Gore pushes agencies to step up Y2K fixes

Gore pushes agencies to step up Y2K fixes

September 3, 1998

DAILY BRIEFING

Gore pushes agencies to step up Y2K fixes

The Clinton administration is increasingly worried that federal agencies will fail to rid their computers of the year 2000 bug, prompting Vice President Al Gore to put additional pressure on federal executives to step up their year 2000 conversion efforts.

The Office of Management and Budget has also recalculated the cost of federal efforts to combat the year 2000 computer problem at $5.4 billion, the Washington Post reported today. G. Edward DeSeve, acting deputy director for management at the Office of Management and Budget, told a gathering of federal information technology executives Wednesday that the administration had asked Congress for $3.25 billion in fiscal 1998 supplemental spending for year 2000 fixes. The funds, if approved, would be available until 2001.

On Wednesday, Gore met with executives from the seven agencies whose Y2K efforts are the furthest behind--the departments of Defense, Education, Energy, Health and Human Services, State and Transportation and the Agency for International Development. OMB's most recent quarterly report on Y2K progress revealed that some agencies won't make the administration's Sept. 30 deadline for completing systems renovations.

At the meeting, Gore asked each agency representative to commit to making Y2K fixes their top priority.

"The Vice President was very direct and kind of stern," DeSeve said, noting that Gore closely questioned the Health and Human Services representative about Medicare systems. The Health Care Financing Administration, the HHS component that administers Medicare, must work with more than 60 contractors to fix 50 million lines of code before the century change.

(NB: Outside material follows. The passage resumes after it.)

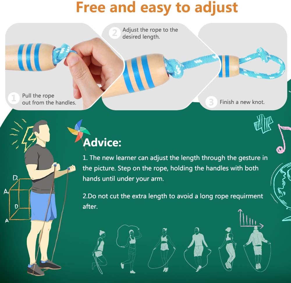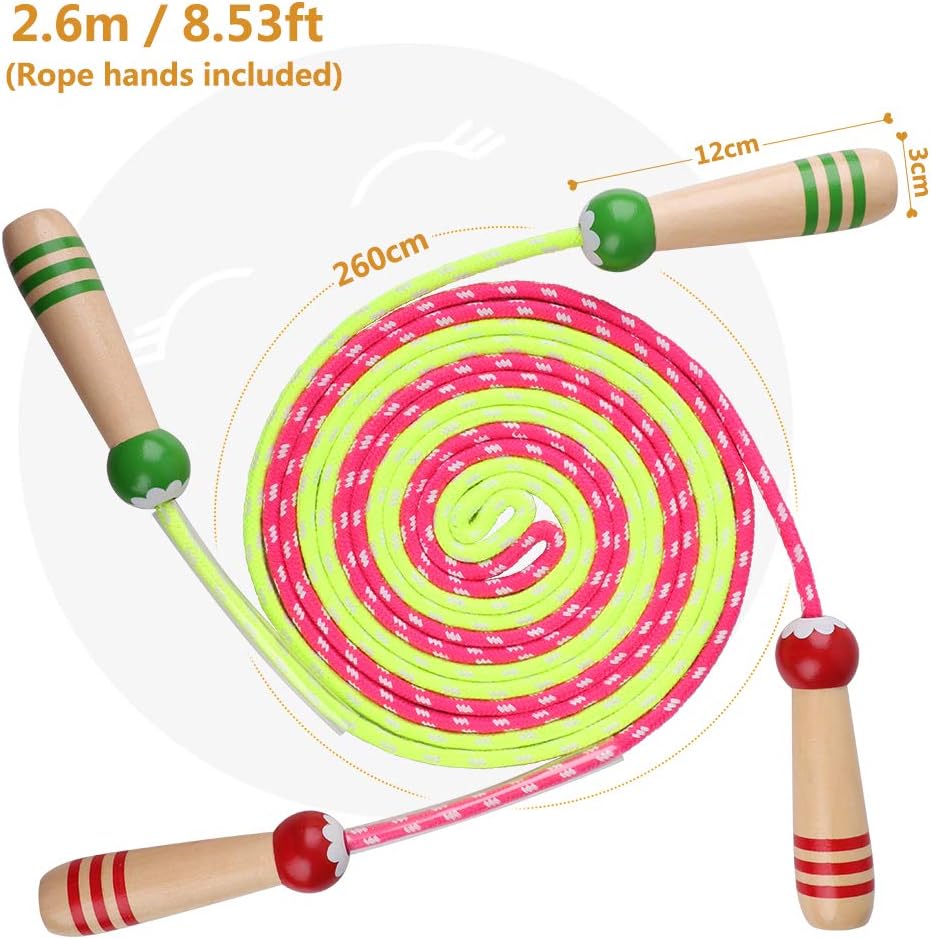 Sada dětských švihadlových lan Hianjoo se 2 kusy je ideální volbou pro aktivní pohyb, hru a trénink dětí, s ergonomickou dřevěnou rukojetí a nastavitelným bavlněným lanem pro pohodlné použití.

DeSeve said contingency planning must be a priority for agencies as it becomes clear that some systems will simply not be fixed on time.

"Some of you know in your heart of hearts that you won't get there," DeSeve told agency executives at the gathering. But he expressed guarded optimism that the government as a whole can avoid major Y2K disasters. "I think we've got a good wind at our back," DeSeve said.